The Bystander Effect of Ultraviolet Radiation and Mediators.

A bystander effect is biological changes in non-irradiated cells by transmitted signals from irradiated bystander cells, which causes the radiation toxic effects on the adjacent non-irradiated tissues. This phenomenon occurs by agents such as ionizing radiation, ultraviolet radiation (UVR) and chemotherapy. The bystander effect includes biological processes such as damage to DNA, cell death, chromosomal abnormalities, delay and premature mutations and micronuclei production. The most involved genes in creating this phenomenon are cyclooxygenase-2 (COX-2), inducible nitric oxide synthase (iNOS), the nuclear factor of kappa B (NFkB) and Mitogen-Activated Protein Kinases (MAPKs). Radiation generated reactive oxygen species (ROS) can damage DNA, membranes and protein buildings. Studies have shown that Vitamin C, Hesperidin, and melatonin can reduce the number of ROS and have a protective role. Silver nanoparticles (Ag NPs) are the most abundant nanoparticles produced and when they enter cells, they can create DNA damage. Studies have shown that combined treatment with UVR and silver nanoparticles could form γ-H2AX and 8-hydroxy-2'-deoxyguanosine (8-OHdG) synergistically. This article reviews the direct and the bystander effects of UVR on the nuclear DNA, the effect of radioprotectors and Ag NPs on these effects. Copyright:

Introduction

UVR

The UVR creates harmful effects. Exposure to UVR creates early undesirable effects such as sunburn and long-term effects like skin cancer (malignant melanoma). UVRs are divided into three categories based on their wavelengths, including: UVRA(315-400nm), UVRB(280-315nm), UVRC(100-280nm) [ 1 ].

DNA Damage by UVR

UVRC and UVRB can express their genetic toxicity effects through direct excitation of DNA molecules.
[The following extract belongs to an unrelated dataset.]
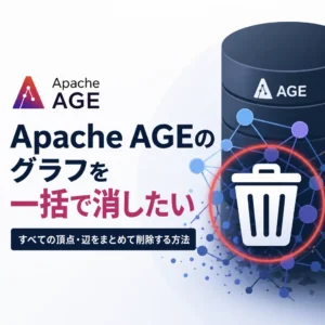 AGEでcreate_graph()したグラフは、ag_catalogスキーマのag_graphテーブルに格納されており、以下のように格納されている。 で、これを一括削除するには、drop_graph()を実行する必要が […]

The most common UVR damage is thymine-thymine dimers and cytosine-thymine dimers. In addition to these injuries, it has been shown that exposure to UVR depends on its wavelength and provides a greater range of DNA damage such as protein-DNA crosslinking, base oxidative damage 8-hydroxy-2-deoxyguanosine (8-OHdG), single-stranded breaks and cluster damage. Especially, UVRA can cause nuclear DNA oxidation and thus indirectly DNA damage by the ROS production [ 2 ]. ROS can oxidize guanine and produce 8-OHdG, which is paired with adenine instead of cytosine. Therefore, this oxidative modification converts the G/C pair to A/T pair in DNA [ 3 ]. High levels of 8-OHdG have been observed in several types of cancers in humans and animals [ 4 ].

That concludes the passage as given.